Wohl aber erfährt man, dass Sicherheitsdienstleister keine Söldner sind – jedenfalls nach Definition des ersten Zusatzprotokolls zur Genfer Konvention. Man erfährt weiter, dass 2008 auf Initiative der Schweiz und des Komitees vom Roten Kreuz ein Dokument von Montreux verabschiedet wurde. 16 Staaten bekräftigen darin, dass auch für die Militär- und Sicherheitsfirmen bestehende menschenrechtliche und humanistische Verpflichtungen gelten müssen. »In Ermanglung eines bindenden internationalen Abkommens ist dies jedoch nur durch den Erlass nationalstaatlicher Gesetze möglich«, heißt es dazu in Berlin. »Die Bundesregierung steht Initiativen, die eine effektive Erfassung und Kontrolle von Tätigkeiten privater Militär- und Sicherheitsfirmen zum Ziel haben, aufgeschlossen gegenüber.« Und formuliert entsprechende Gesetze?

Im Gegenteil, man listet bei jeder Gelegenheit Probleme auf und scheut sich dabei nicht einmal, den entstehenden »erheblichen Verwaltungsaufwand« ins Feld zu führen.

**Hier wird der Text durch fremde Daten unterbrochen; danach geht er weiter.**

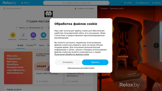 | SEO-описание | Студия массажа Мни Меня в Минске – отзывы, телефоны, график работы и карта проезда на Relax.by |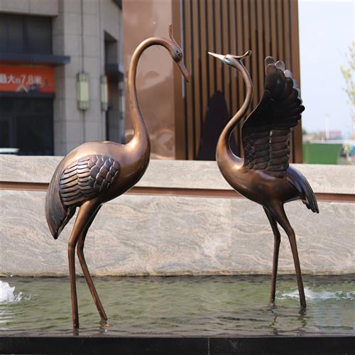 仿铜仙鹤雕塑玻璃钢摆件售楼部庭院水池假山园林景观美陈鸟类装饰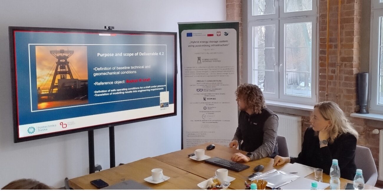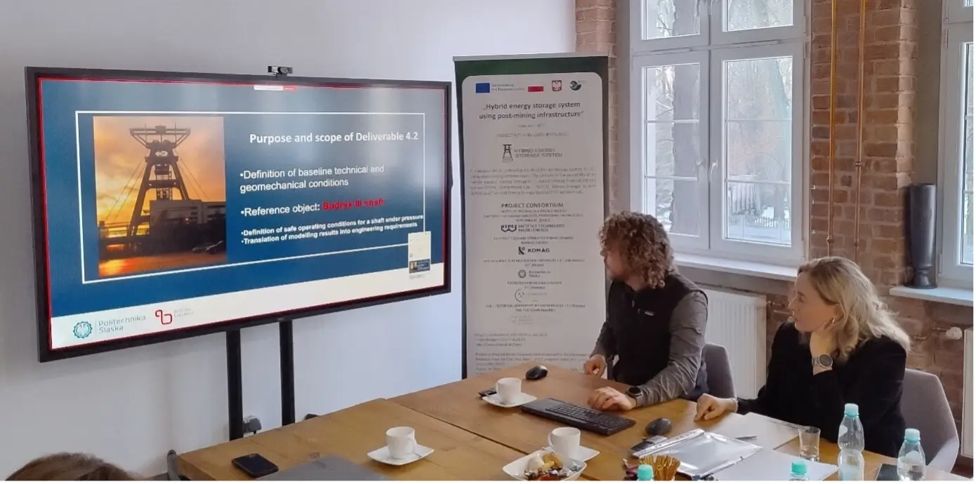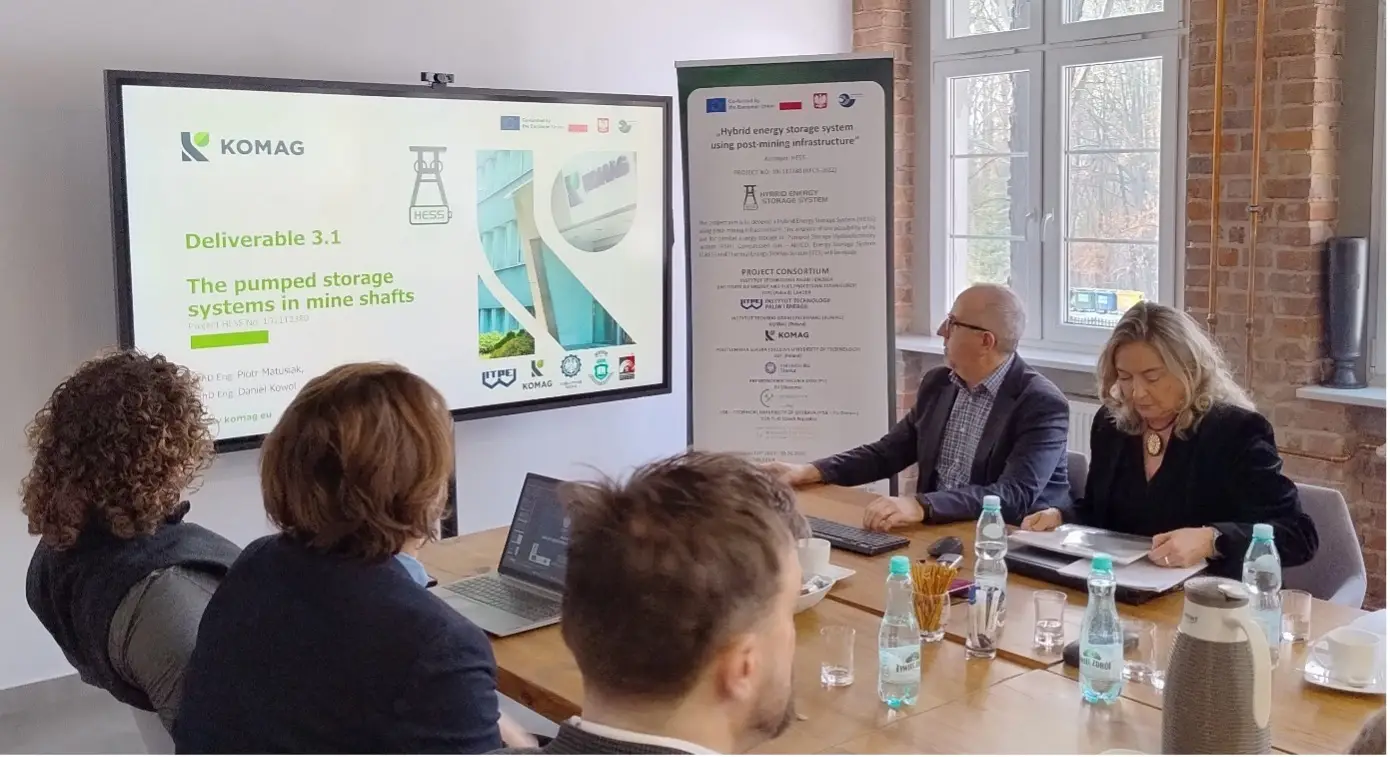 On January 12, 2026, a meeting of the project „Hybrid energy storage system using post-mining infrastructure” was held at the leader’s headquarters – Institute of Energy and Fuel Processing Technology (ITPE). The meeting was attended by representatives of five entities involved in the project, including: KOMAG Institute of Mining Technology (Poland), Silesian University of Technology (Poland), VSB – Technical University of Ostrava (Czech Republic) Premogovnik Velenje d.o.o. (Slovenia) and ITPE (Poland).

Sollen sich doch andere um Söldner kümmern: »Mitarbeiter deutscher und internationaler privater Militär- und Sicherheitsfirmen unterliegen grundsätzlich der Hoheitsgewalt und damit der Strafgewalt der Staaten, in denen sie tätig werden.«

In Berlin unterstützt man eine »freiwillige Selbstkontrolle« der Unternehmen und würde sich darüber freuen, wenn die Firmen sich einem entsprechenden »Verhaltenskodex« unterwerfen. Allein: »Soweit erkennbar, hat bislang kein Unternehmen mit Sitz in Deutschland den freiwilligen Verhaltenskodex unterzeichnet.« Beabsichtigt die Regierung dann wenigstens, die Unterzeichnung des Verhaltenskodex zur Bedingung für Auftragsvergaben zu machen? Nein.

Grundsätzlich bleibe es aber dabei: Der Regierung sind keine privaten Militär- und Sicherheitsfirmen mit Sitz in Deutschland bekannt, die im Ausland operieren. Dass sich Ex-Polizisten und ehemalige Bundeswehrler Jobs bei solchen Firmen suchen, müsse man hinnehmen, sagen Verantwortliche. Schließlich gebe es hierzulande die freie Berufswahl.

Zugegeben, es ist schwer, eine komplette Übersicht über die rund 3000 deutschen Unternehmen, die im Bewachungsgewerbe und damit als private Sicherheitsfirmen tätig sind, zu behalten. Doch einiges kann man schon wissen, wenn man nur mal im Internet nachschaut.

Da findet man unter anderem die Firma International Security Network GmbH. Sie hat ihren Sitz in 77836 Rheinmünster, also in Deutschland, und hatte jüngst wichtige Gäste zum »Informationsbesuch«. Denen stellte man die ISN-»Einsatzdynamik« vor, laut der man »innerhalb von 48 Stunden operative Einsatzkräfte inkl. Equipment in die jeweilige Einsatzregion ... befördern« kann.

Wer waren die Gäste? Einer heißt Ulrich K. Wegener. Der General a. D. war Begründer und Chef der GSG 9-Eliteeinheit. Der andere heißt Hubertus Grützner, war gleichfalls ein hohes Tier bei der Bundespolizei. Das mit dem a.D., also dem angeblichen Pensionsdasein, sollte man nicht überbewerten. Man kennt beide Einfädler diffiziler Operationen, von denen die deutsche Regierung nie etwas und sowieso ganz und gar nichts weiß.